Nein zur Sezession

KPL: Luxemburger Regierung soll
Unabhängigkeitserklärung des Kosovo zurückweisen


Die von den USA, der NATO und der EU geförderte Proklamation der Lostrennung der Provinz Kosovo von Serbien verstößt gegen Internationales Recht und die entsprechenden Beschlüsse der UNO. Dieser Schritt wird tiefgreifende Konsequenzen für die Lage in der Balkanregion und darüber hinaus haben, stellen Vertreter von 17 kommunistischen Parteien fest, die sich am Wochenende in Lissabon zu einer internationalen Konferenz versammelt hatten.

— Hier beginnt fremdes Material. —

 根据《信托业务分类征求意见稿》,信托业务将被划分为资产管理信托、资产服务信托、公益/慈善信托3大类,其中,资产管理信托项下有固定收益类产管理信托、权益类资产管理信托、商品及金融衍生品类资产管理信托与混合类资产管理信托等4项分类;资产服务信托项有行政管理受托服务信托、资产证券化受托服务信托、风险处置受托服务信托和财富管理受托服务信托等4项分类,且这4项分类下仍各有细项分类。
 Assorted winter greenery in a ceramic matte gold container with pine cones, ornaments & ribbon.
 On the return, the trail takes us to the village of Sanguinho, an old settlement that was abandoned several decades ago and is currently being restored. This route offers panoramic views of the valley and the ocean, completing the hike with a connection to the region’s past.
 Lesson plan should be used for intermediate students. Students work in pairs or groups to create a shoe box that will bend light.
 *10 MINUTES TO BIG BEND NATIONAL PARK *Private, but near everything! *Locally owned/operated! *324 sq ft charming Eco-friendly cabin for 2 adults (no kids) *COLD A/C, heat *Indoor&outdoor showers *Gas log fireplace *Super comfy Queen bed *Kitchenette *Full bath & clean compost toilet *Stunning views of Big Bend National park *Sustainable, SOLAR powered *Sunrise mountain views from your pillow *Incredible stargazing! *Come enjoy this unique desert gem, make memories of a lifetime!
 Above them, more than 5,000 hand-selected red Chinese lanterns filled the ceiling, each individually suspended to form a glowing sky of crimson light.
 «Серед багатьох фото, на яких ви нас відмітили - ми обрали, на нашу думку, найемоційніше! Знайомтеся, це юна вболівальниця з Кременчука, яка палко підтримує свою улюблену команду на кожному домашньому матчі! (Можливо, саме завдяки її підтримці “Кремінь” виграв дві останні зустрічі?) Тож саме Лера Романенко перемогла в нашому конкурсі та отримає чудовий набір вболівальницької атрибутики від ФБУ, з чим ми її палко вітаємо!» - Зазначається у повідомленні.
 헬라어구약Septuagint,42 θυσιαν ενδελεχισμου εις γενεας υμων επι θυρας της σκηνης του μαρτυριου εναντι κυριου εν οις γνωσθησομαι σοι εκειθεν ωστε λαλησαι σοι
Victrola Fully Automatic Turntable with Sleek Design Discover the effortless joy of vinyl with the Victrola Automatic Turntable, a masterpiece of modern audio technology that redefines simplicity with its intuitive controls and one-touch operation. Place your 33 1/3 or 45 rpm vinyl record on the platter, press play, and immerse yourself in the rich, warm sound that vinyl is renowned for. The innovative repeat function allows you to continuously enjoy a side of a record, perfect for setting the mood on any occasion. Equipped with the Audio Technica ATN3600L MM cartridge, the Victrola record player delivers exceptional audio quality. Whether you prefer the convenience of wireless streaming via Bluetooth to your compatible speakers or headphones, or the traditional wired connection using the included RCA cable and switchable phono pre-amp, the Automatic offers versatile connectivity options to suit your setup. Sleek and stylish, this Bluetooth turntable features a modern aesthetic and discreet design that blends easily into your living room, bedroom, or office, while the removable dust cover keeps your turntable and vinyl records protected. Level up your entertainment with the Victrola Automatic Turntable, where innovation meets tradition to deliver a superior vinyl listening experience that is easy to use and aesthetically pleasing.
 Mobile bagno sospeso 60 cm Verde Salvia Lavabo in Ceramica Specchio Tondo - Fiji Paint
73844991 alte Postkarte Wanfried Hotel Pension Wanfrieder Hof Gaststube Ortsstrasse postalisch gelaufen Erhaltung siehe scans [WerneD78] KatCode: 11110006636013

In einer gemeinsamen Erklärung, der sich auch die Kommunistische Partei Luxemburgs angeschlossen hat, heißt es weiter, daß die einseitige Unabhängigkeitserklärung ernste Gefahren für die Völker Europas mit sich bringt und neue Grenzkonflikte verursachen wird. Es besteht die Gefahr, daß die gesamte Region in eine neue Eskalation von Konflikten, Kriegen und ausländischen Interventionen gesteuert wird. Darüber hinaus wird ein äußerst gefährlicher Präzedenzfall geschaffen.

Die Kommunistische Partei Luxemburgs spricht sich entschieden gegen die Sezession des Kosovo von Serbien aus. Sie fordert die CSV/LSAP-Regierung auf, sich an die UN-Charta und die Sicherheitsratsresolution 1244 zum Kosovo zu halten, die Anerkennung der Unabhängigkeit Kosovos zu verweigern und das Luxemburger Armeekontingent sofort aus dem Kosovo abzuziehen.